WORK TO BE COMPLETED ▸
Nothing but the records themselves, exactly as written and free of pictures, should appear in your response.

EXTRACTED RECORDS ▸
+ + +

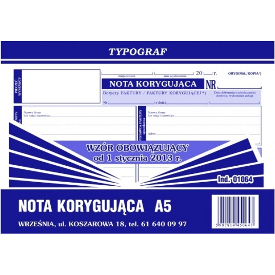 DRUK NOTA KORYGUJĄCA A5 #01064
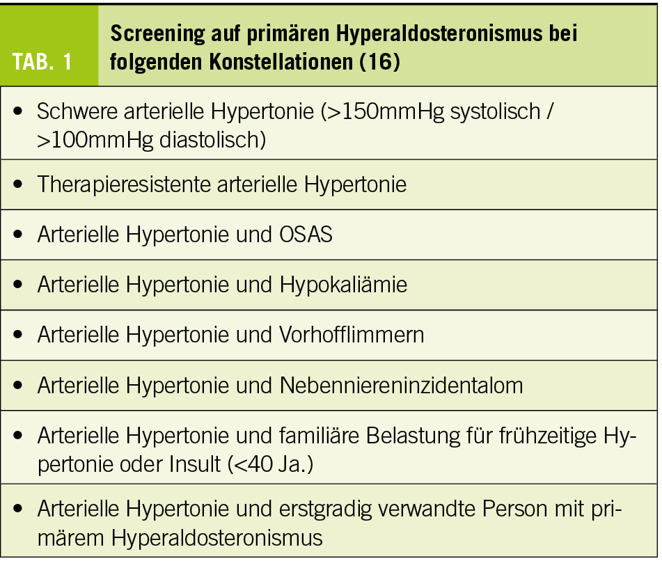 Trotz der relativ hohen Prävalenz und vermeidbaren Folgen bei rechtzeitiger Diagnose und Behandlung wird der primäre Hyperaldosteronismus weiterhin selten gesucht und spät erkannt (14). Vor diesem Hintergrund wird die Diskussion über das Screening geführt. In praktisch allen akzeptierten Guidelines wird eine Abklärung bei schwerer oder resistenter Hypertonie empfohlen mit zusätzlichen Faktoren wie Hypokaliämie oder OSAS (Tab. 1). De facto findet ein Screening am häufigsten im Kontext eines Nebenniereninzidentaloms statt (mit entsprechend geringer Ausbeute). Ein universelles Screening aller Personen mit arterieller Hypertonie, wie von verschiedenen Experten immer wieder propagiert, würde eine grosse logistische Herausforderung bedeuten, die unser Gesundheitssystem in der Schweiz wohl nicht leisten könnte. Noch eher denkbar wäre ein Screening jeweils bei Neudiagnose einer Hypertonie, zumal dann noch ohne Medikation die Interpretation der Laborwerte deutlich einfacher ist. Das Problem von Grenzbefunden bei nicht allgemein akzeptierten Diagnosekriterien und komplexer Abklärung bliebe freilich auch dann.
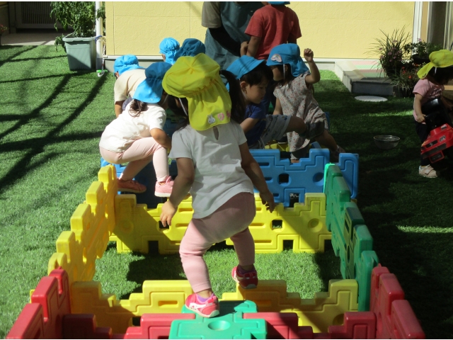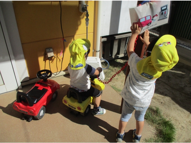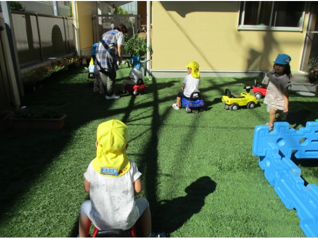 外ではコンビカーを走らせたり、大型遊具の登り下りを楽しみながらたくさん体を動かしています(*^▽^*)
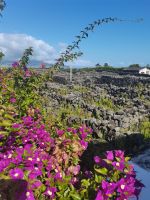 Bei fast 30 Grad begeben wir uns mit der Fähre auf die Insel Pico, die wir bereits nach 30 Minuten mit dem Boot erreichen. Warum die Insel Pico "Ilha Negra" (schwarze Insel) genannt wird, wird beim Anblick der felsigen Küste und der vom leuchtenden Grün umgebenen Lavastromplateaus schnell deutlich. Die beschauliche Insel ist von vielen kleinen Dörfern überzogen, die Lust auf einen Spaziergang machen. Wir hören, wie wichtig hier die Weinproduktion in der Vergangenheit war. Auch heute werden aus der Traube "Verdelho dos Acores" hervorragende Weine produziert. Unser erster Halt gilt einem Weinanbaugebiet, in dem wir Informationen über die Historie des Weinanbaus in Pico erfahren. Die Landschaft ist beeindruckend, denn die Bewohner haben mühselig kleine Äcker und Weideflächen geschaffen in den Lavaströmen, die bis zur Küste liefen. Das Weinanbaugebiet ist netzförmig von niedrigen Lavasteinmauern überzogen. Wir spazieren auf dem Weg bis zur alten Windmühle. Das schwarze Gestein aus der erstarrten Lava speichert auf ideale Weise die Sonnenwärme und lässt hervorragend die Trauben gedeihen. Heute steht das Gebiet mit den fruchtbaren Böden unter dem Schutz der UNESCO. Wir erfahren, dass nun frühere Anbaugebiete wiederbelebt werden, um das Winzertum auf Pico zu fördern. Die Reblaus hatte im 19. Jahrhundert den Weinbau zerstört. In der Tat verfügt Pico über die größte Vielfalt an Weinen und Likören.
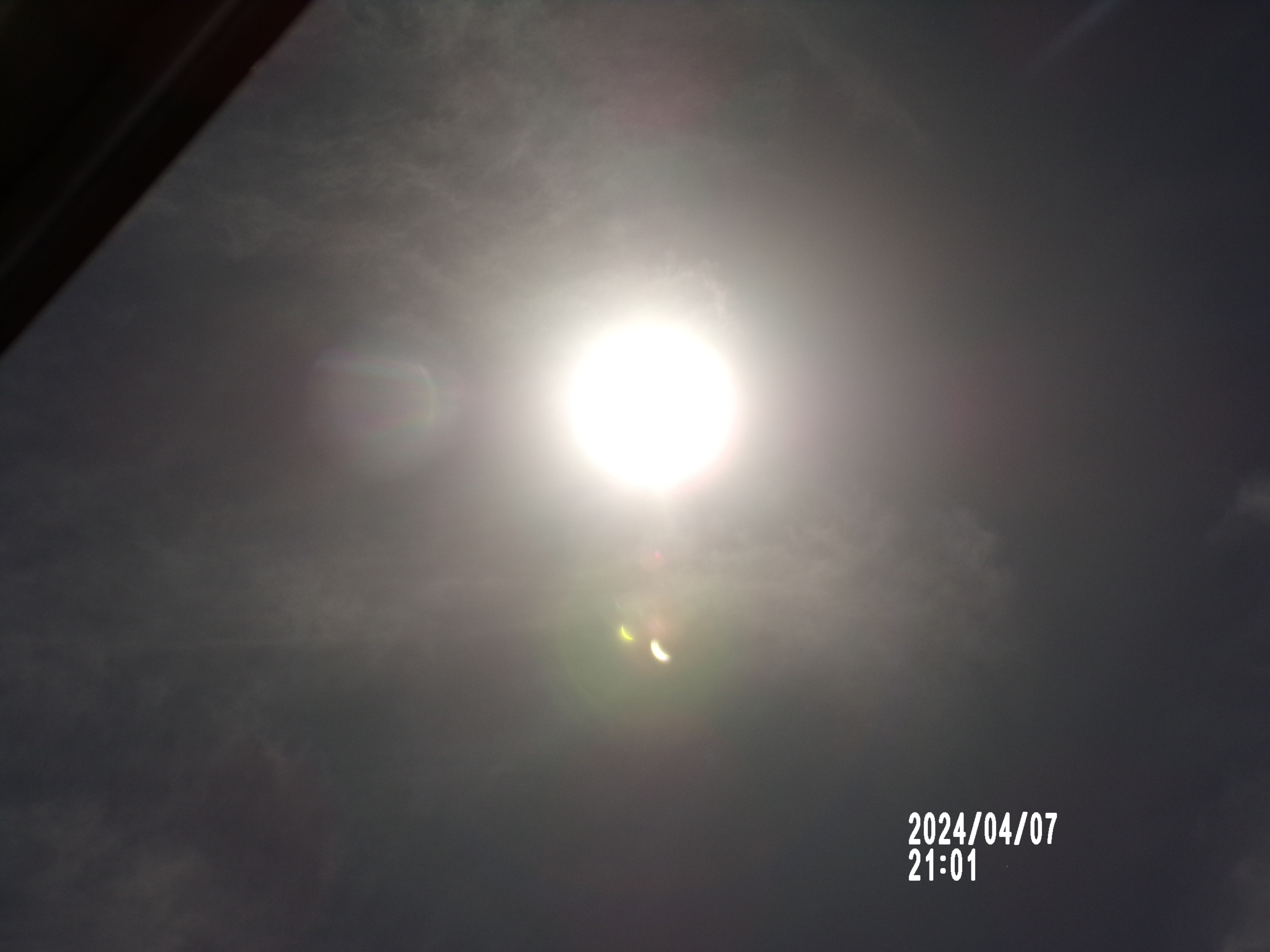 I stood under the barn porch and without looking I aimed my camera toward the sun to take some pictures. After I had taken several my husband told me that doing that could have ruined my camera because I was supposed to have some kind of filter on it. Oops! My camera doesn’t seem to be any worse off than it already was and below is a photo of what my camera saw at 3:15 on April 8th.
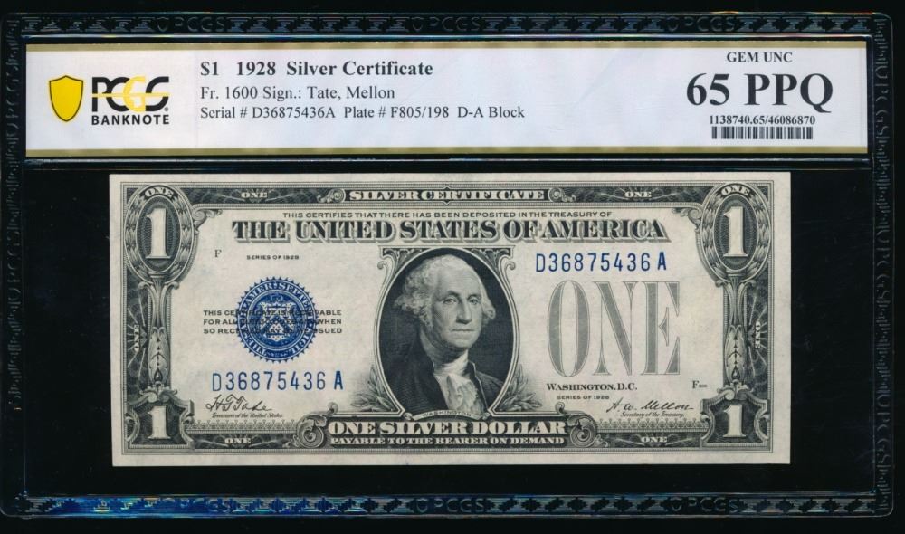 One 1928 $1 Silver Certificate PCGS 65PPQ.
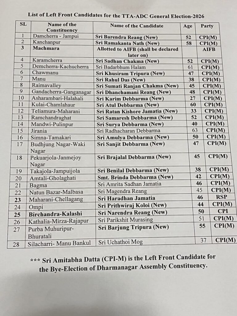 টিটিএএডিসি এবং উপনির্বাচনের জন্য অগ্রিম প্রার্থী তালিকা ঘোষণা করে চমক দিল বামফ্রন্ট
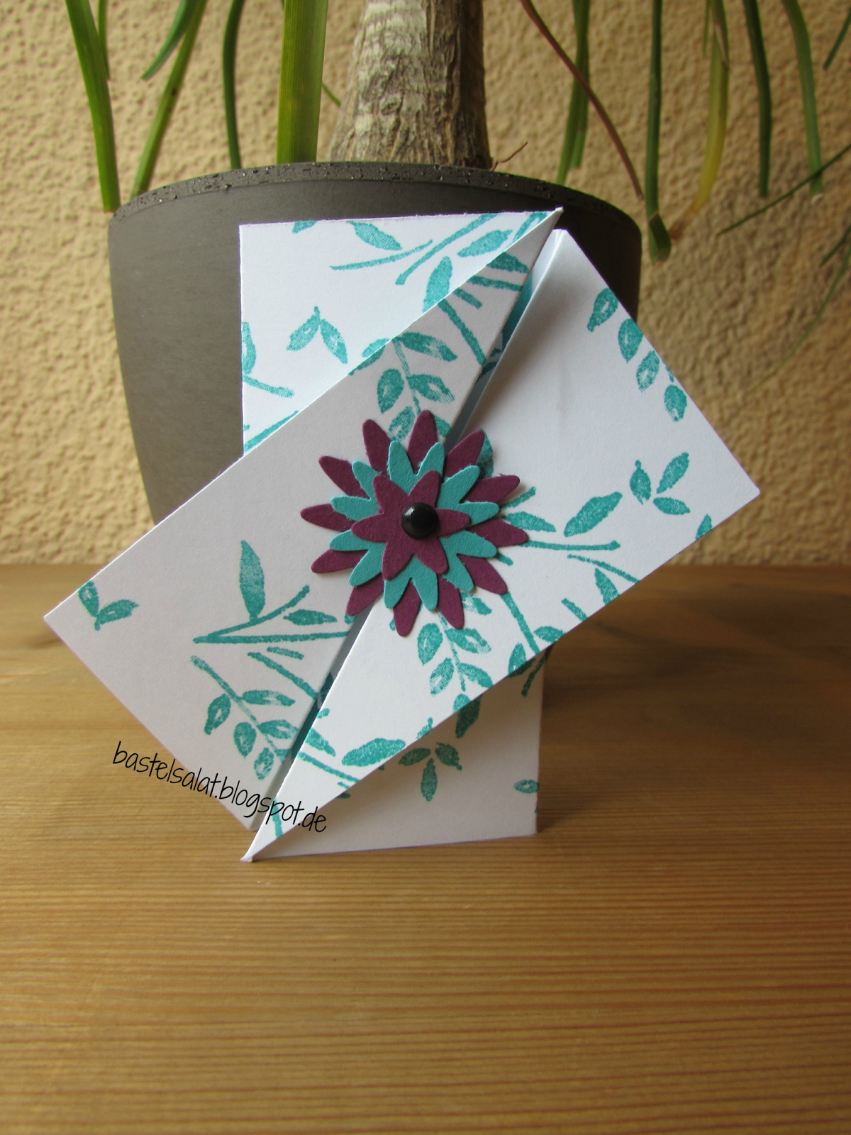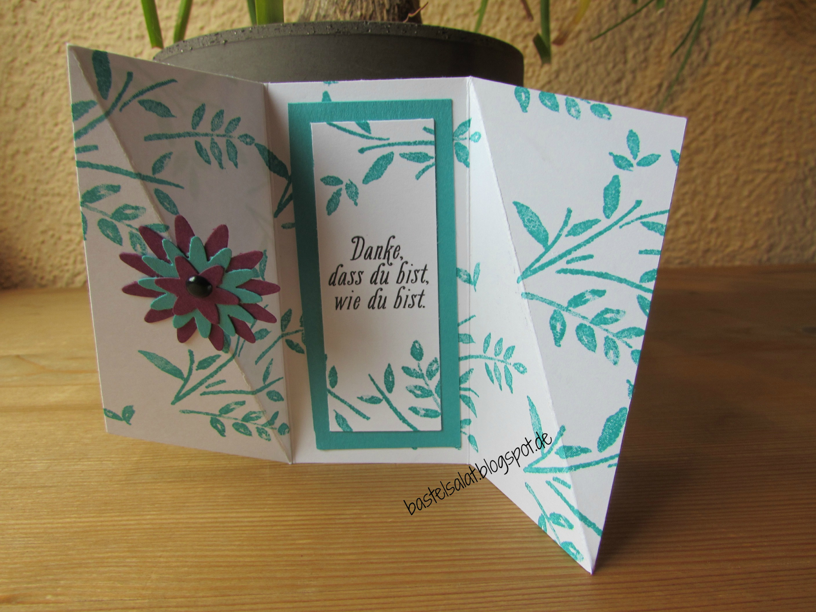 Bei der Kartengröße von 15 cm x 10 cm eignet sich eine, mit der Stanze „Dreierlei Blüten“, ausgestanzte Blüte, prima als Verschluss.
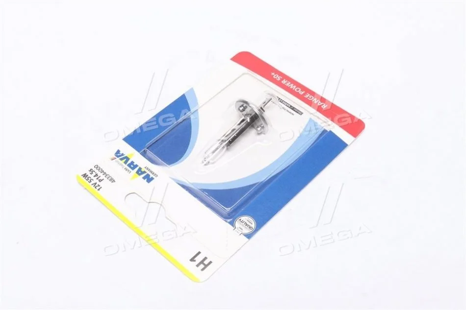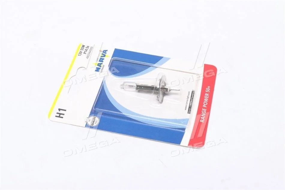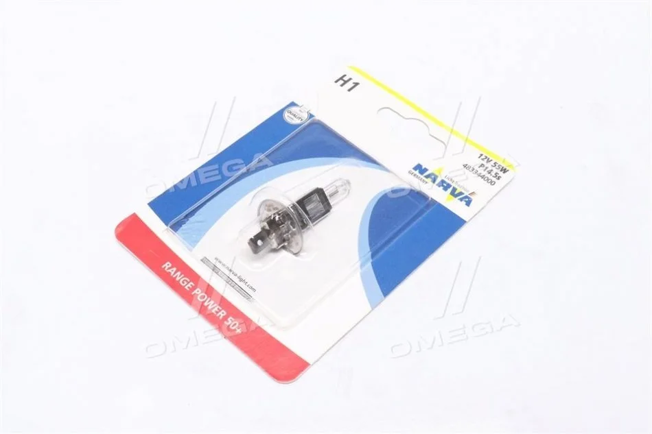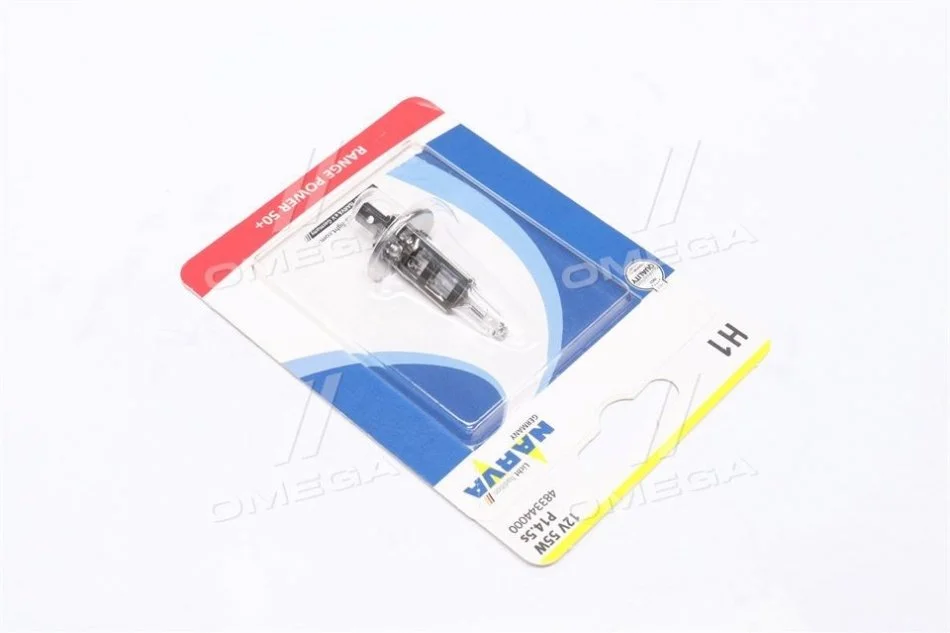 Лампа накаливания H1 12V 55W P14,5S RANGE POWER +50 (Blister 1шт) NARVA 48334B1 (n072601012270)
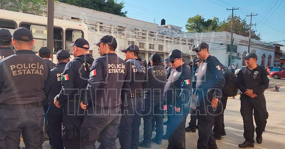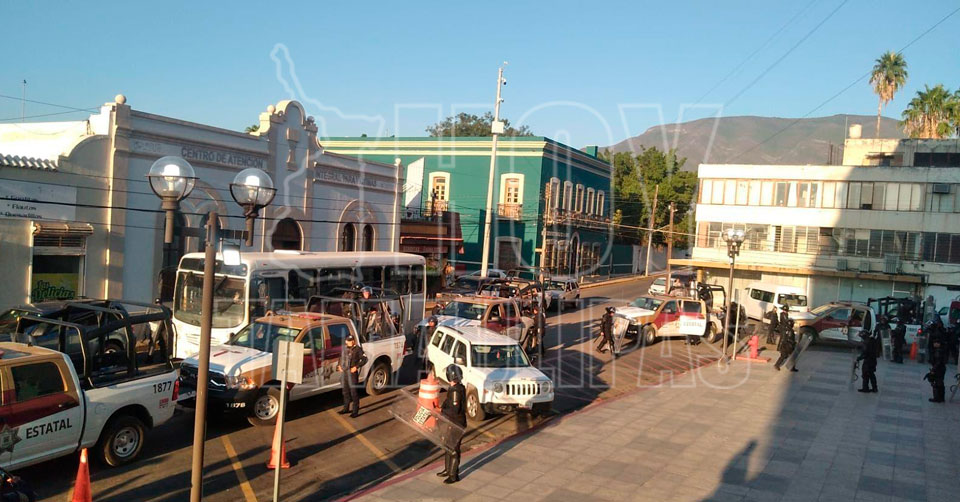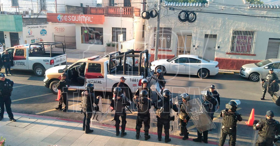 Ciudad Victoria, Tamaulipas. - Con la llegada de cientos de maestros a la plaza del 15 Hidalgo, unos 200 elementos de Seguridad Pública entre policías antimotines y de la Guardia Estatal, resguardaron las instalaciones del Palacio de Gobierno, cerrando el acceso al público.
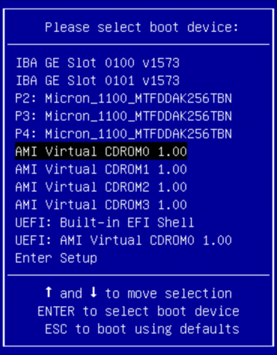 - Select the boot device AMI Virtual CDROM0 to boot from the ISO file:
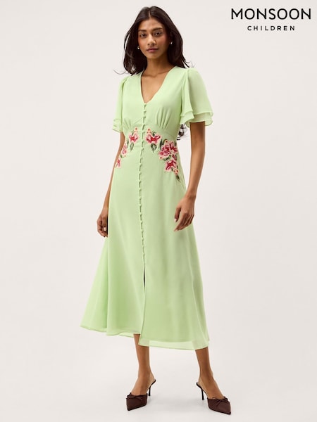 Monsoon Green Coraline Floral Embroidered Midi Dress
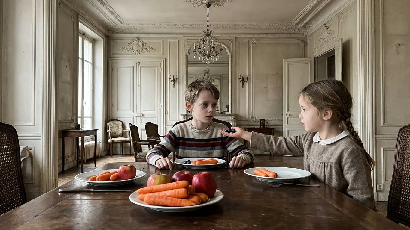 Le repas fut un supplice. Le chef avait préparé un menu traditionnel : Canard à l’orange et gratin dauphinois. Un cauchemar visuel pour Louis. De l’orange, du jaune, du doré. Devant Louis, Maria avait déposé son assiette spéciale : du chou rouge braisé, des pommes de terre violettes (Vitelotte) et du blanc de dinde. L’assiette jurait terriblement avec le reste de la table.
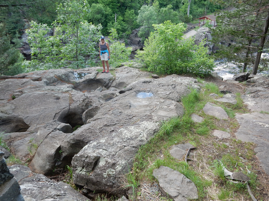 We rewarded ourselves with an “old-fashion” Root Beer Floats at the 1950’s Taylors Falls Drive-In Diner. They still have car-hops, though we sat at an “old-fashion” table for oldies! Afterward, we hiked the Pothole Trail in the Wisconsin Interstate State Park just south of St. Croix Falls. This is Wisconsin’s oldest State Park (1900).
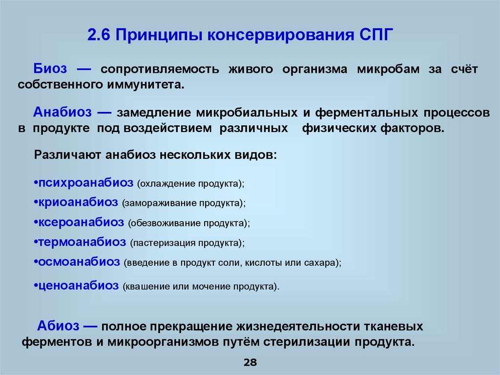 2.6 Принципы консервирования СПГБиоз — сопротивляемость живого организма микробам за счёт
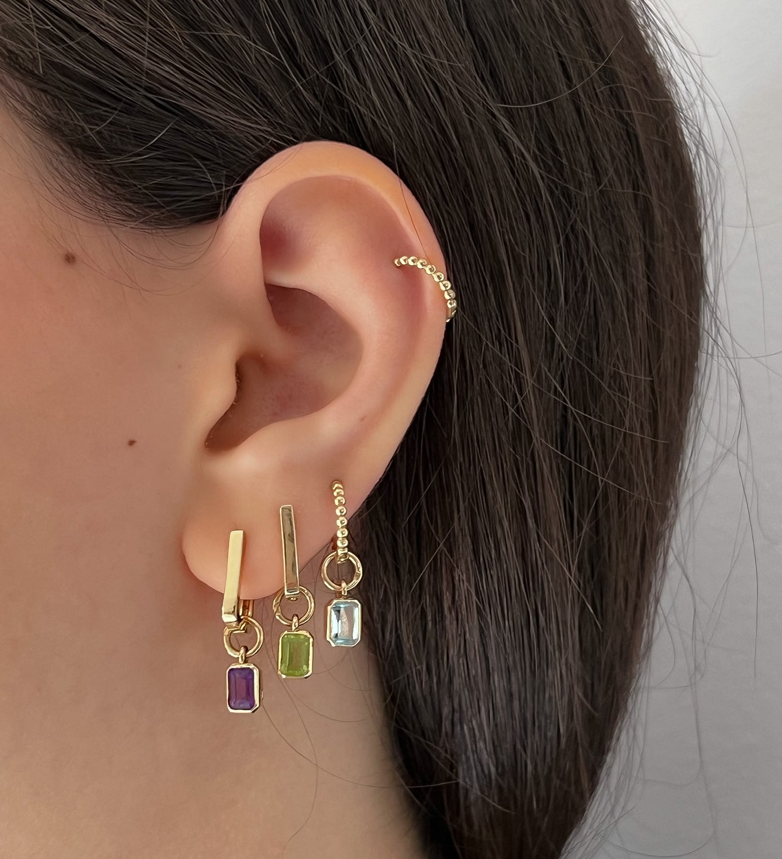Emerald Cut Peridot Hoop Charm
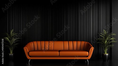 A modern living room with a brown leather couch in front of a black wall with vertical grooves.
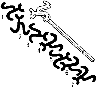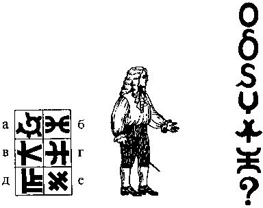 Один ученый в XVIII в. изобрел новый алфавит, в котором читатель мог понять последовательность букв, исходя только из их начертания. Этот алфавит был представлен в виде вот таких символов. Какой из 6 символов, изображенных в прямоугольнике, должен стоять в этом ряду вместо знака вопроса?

+ + +

YOUR RESPONSE ▸
 DRUK NOTA KORYGUJĄCA A5 #01064
 Trotz der relativ hohen Prävalenz und vermeidbaren Folgen bei rechtzeitiger Diagnose und Behandlung wird der primäre Hyperaldosteronismus weiterhin selten gesucht und spät erkannt (14). Vor diesem Hintergrund wird die Diskussion über das Screening geführt. In praktisch allen akzeptierten Guidelines wird eine Abklärung bei schwerer oder resistenter Hypertonie empfohlen mit zusätzlichen Faktoren wie Hypokaliämie oder OSAS (Tab. 1). De facto findet ein Screening am häufigsten im Kontext eines Nebenniereninzidentaloms statt (mit entsprechend geringer Ausbeute). Ein universelles Screening aller Personen mit arterieller Hypertonie, wie von verschiedenen Experten immer wieder propagiert, würde eine grosse logistische Herausforderung bedeuten, die unser Gesundheitssystem in der Schweiz wohl nicht leisten könnte. Noch eher denkbar wäre ein Screening jeweils bei Neudiagnose einer Hypertonie, zumal dann noch ohne Medikation die Interpretation der Laborwerte deutlich einfacher ist. Das Problem von Grenzbefunden bei nicht allgemein akzeptierten Diagnosekriterien und komplexer Abklärung bliebe freilich auch dann.
 外ではコンビカーを走らせたり、大型遊具の登り下りを楽しみながらたくさん体を動かしています(*^▽^*)
 Bei fast 30 Grad begeben wir uns mit der Fähre auf die Insel Pico, die wir bereits nach 30 Minuten mit dem Boot erreichen. Warum die Insel Pico "Ilha Negra" (schwarze Insel) genannt wird, wird beim Anblick der felsigen Küste und der vom leuchtenden Grün umgebenen Lavastromplateaus schnell deutlich. Die beschauliche Insel ist von vielen kleinen Dörfern überzogen, die Lust auf einen Spaziergang machen. Wir hören, wie wichtig hier die Weinproduktion in der Vergangenheit war. Auch heute werden aus der Traube "Verdelho dos Acores" hervorragende Weine produziert. Unser erster Halt gilt einem Weinanbaugebiet, in dem wir Informationen über die Historie des Weinanbaus in Pico erfahren. Die Landschaft ist beeindruckend, denn die Bewohner haben mühselig kleine Äcker und Weideflächen geschaffen in den Lavaströmen, die bis zur Küste liefen. Das Weinanbaugebiet ist netzförmig von niedrigen Lavasteinmauern überzogen. Wir spazieren auf dem Weg bis zur alten Windmühle. Das schwarze Gestein aus der erstarrten Lava speichert auf ideale Weise die Sonnenwärme und lässt hervorragend die Trauben gedeihen. Heute steht das Gebiet mit den fruchtbaren Böden unter dem Schutz der UNESCO. Wir erfahren, dass nun frühere Anbaugebiete wiederbelebt werden, um das Winzertum auf Pico zu fördern. Die Reblaus hatte im 19. Jahrhundert den Weinbau zerstört. In der Tat verfügt Pico über die größte Vielfalt an Weinen und Likören.
 I stood under the barn porch and without looking I aimed my camera toward the sun to take some pictures. After I had taken several my husband told me that doing that could have ruined my camera because I was supposed to have some kind of filter on it. Oops! My camera doesn’t seem to be any worse off than it already was and below is a photo of what my camera saw at 3:15 on April 8th.
 One 1928 $1 Silver Certificate PCGS 65PPQ.
 টিটিএএডিসি এবং উপনির্বাচনের জন্য অগ্রিম প্রার্থী তালিকা ঘোষণা করে চমক দিল বামফ্রন্ট
 Bei der Kartengröße von 15 cm x 10 cm eignet sich eine, mit der Stanze „Dreierlei Blüten“, ausgestanzte Blüte, prima als Verschluss.
 Лампа накаливания H1 12V 55W P14,5S RANGE POWER +50 (Blister 1шт) NARVA 48334B1 (n072601012270)
 Ciudad Victoria, Tamaulipas. - Con la llegada de cientos de maestros a la plaza del 15 Hidalgo, unos 200 elementos de Seguridad Pública entre policías antimotines y de la Guardia Estatal, resguardaron las instalaciones del Palacio de Gobierno, cerrando el acceso al público.
 - Select the boot device AMI Virtual CDROM0 to boot from the ISO file:
 Monsoon Green Coraline Floral Embroidered Midi Dress
 Le repas fut un supplice. Le chef avait préparé un menu traditionnel : Canard à l’orange et gratin dauphinois. Un cauchemar visuel pour Louis. De l’orange, du jaune, du doré. Devant Louis, Maria avait déposé son assiette spéciale : du chou rouge braisé, des pommes de terre violettes (Vitelotte) et du blanc de dinde. L’assiette jurait terriblement avec le reste de la table.
 We rewarded ourselves with an “old-fashion” Root Beer Floats at the 1950’s Taylors Falls Drive-In Diner. They still have car-hops, though we sat at an “old-fashion” table for oldies! Afterward, we hiked the Pothole Trail in the Wisconsin Interstate State Park just south of St. Croix Falls. This is Wisconsin’s oldest State Park (1900).
 2.6 Принципы консервирования СПГБиоз — сопротивляемость живого организма микробам за счёт
Emerald Cut Peridot Hoop Charm
 A modern living room with a brown leather couch in front of a black wall with vertical grooves.
 Один ученый в XVIII в. изобрел новый алфавит, в котором читатель мог понять последовательность букв, исходя только из их начертания. Этот алфавит был представлен в виде вот таких символов. Какой из 6 символов, изображенных в прямоугольнике, должен стоять в этом ряду вместо знака вопроса?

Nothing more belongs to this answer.